Who ARE you?
A missive on self identification, internet mutuals, and the people we think we are.
It has happened to essentially all of us, at some point in our adult lives, that someone poses the icebreaker question - tell me three interesting things about yourself. Queue an existential nightmare, a vision of your tiny self dressed as a 1930’s bank clerk, rummaging the file folders of your brain for answers: who am I! What do I like! Am I interesting! Do I know three things about myself! And eventually, after what feels like 10 minutes, but is possibly 30 seconds, you prattle out an answer involving your favourite colour, your pet, and possibly a cuisine.
It should not be this hard to get to these answers from the deep recalls of our minds, the panic sets in when we need to form an impression to these strangers. The desire to cast a “good impression” has been hoisted onto us from an early age, and until adulthood, has formed a good chunk of how we perceive ourselves and how we want others to perceive us. This isn’t meant to be a regurgitation of scientific studies, I am not a psychologist, these are just some opinions from a person who has given up on good impressions - because regardless of the impression, people will always find ill intention.
How we express ourselves, particularly on the outside, has always been a point of contention for everyone - even the most confident, cocky, person has experienced the deep need to create an image, not just present the one they’ve got. Those who haven’t are probably deeply disturbed people. I wasted much of my adolescence trying to manufacture an image of myself that conformed to how I wanted to be seen on the outside - and just that, it was a waste. I was never comfortable in my skin, always feeling like the off-brand cereal on the second to lowest shelf in the supermarket - a cheap imitation, with something that smacked of “vaguely foreign.” It took me until my early 20’s to shed the skin of trying to be someone else, with embracing who I am, regardless of the levels of stress and discomfort I felt being me - because it hurt LESS than trying to be someone else.
Eventually, you put up walls.
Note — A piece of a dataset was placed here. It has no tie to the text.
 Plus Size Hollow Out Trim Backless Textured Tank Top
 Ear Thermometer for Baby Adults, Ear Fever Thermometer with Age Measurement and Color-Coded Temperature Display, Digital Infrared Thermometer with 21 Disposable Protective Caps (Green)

You create an outward image of yourself, a tulpa, based on who you actually are, without revealing the soft fleshy innards of the best stuff underneath. Your mutuals will “know everything about you.” These people wish you happy birthday like clockwork. You’ll overshare on social media that you’re having the worst period of your life, that you’ve been ghosted by three people this week with a screenshot of the texts they sent you without allowing for a conversation, the name of your cat, that he peed all over your comforter, that you slid into someone’s DMs and maybe succeeded at it, a chorus of “yasss queen”s in congratulations - personal details, but none of which tell people about who you truly are as a person. You’re half naked, in lingerie, open to all of the internet, but no one knows what brings you joy. The worst part, is that letting people in, becomes the emotional equivalent of war criminal torture.
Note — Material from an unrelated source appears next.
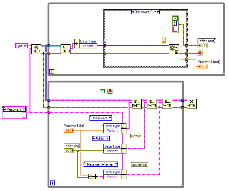 Ich habe es jetzt mal für meine Bedürfnisse etwas angepasst, aber ich bekomme dennoch nicht beide Datentypen (Messwer und Fehler) zusammen in die zweite Schleife und wenn ich es oben hin bekomme dann habe ich unten noch immer das Problem das wenn die Case Struktur umschaltet eines der Ergebnisse auf einen Wert gesetzt wird den ich angeben muss oder mit "Standard verwenden, wenn nicht verwendet" belegen muss.

Once you let someone in, you expose the soft bits of yourself, the ones you reserve for those you trust the most and care for deeply, with the understanding that they are caring for you in the same way you are caring for them - mutually, not transactionally. The real you begins to emerge out of the cocoon, the hopes and fears and stresses and small details of the things that make you whole, and from there, trust and connection starts to build outside of the superficial. Always on edge that letting too many things slip out will endanger you, and will inevitably put you in the position of being hurt. It is the nature of being human, of protecting ourselves, and yet we engage in the process anyway. You begin the process - you tell the first person that you feel inadequate because you cannot contribute as much as others, or as aggressively, that your biggest fear is being alone, even though society conditions you to believe that you don’t need anybody, that your favourite shade of green is a medium soft sage that the seedlings have before maturing into a whole-ass bush.
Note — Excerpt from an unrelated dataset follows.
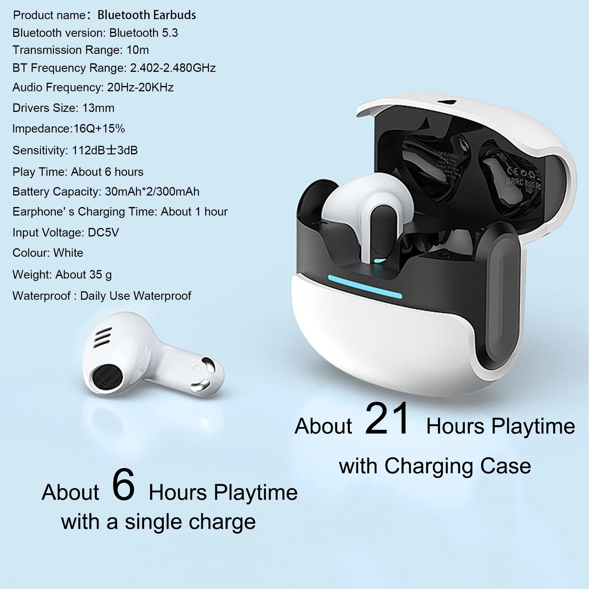 Extended Battery Life: Enjoy up to 6 hours of continuous usage on a single charge, and with the included charging case, you can get a total battery life of up to 30 hours. Keep the music playing or immerse yourself in gaming sessions without worrying about running out of power.

But, is that the real you? And who is it that you think you are - are you reconciling those people together? The answer is yes, and no. It is as real as I want to be with people who think they know me, or want to know me, or what I want them to know of me, but it isn’t the person I exist as in the real world, my internal-external self. That self is tucked away for those I have created bonds and connections with that transcend the superficial levels of knowing people we’ve developed these days. I hope to one day share that person with someone willing to stick it out for the long haul - to grow that person with them, to merge the tulpa with the human. But for now - this.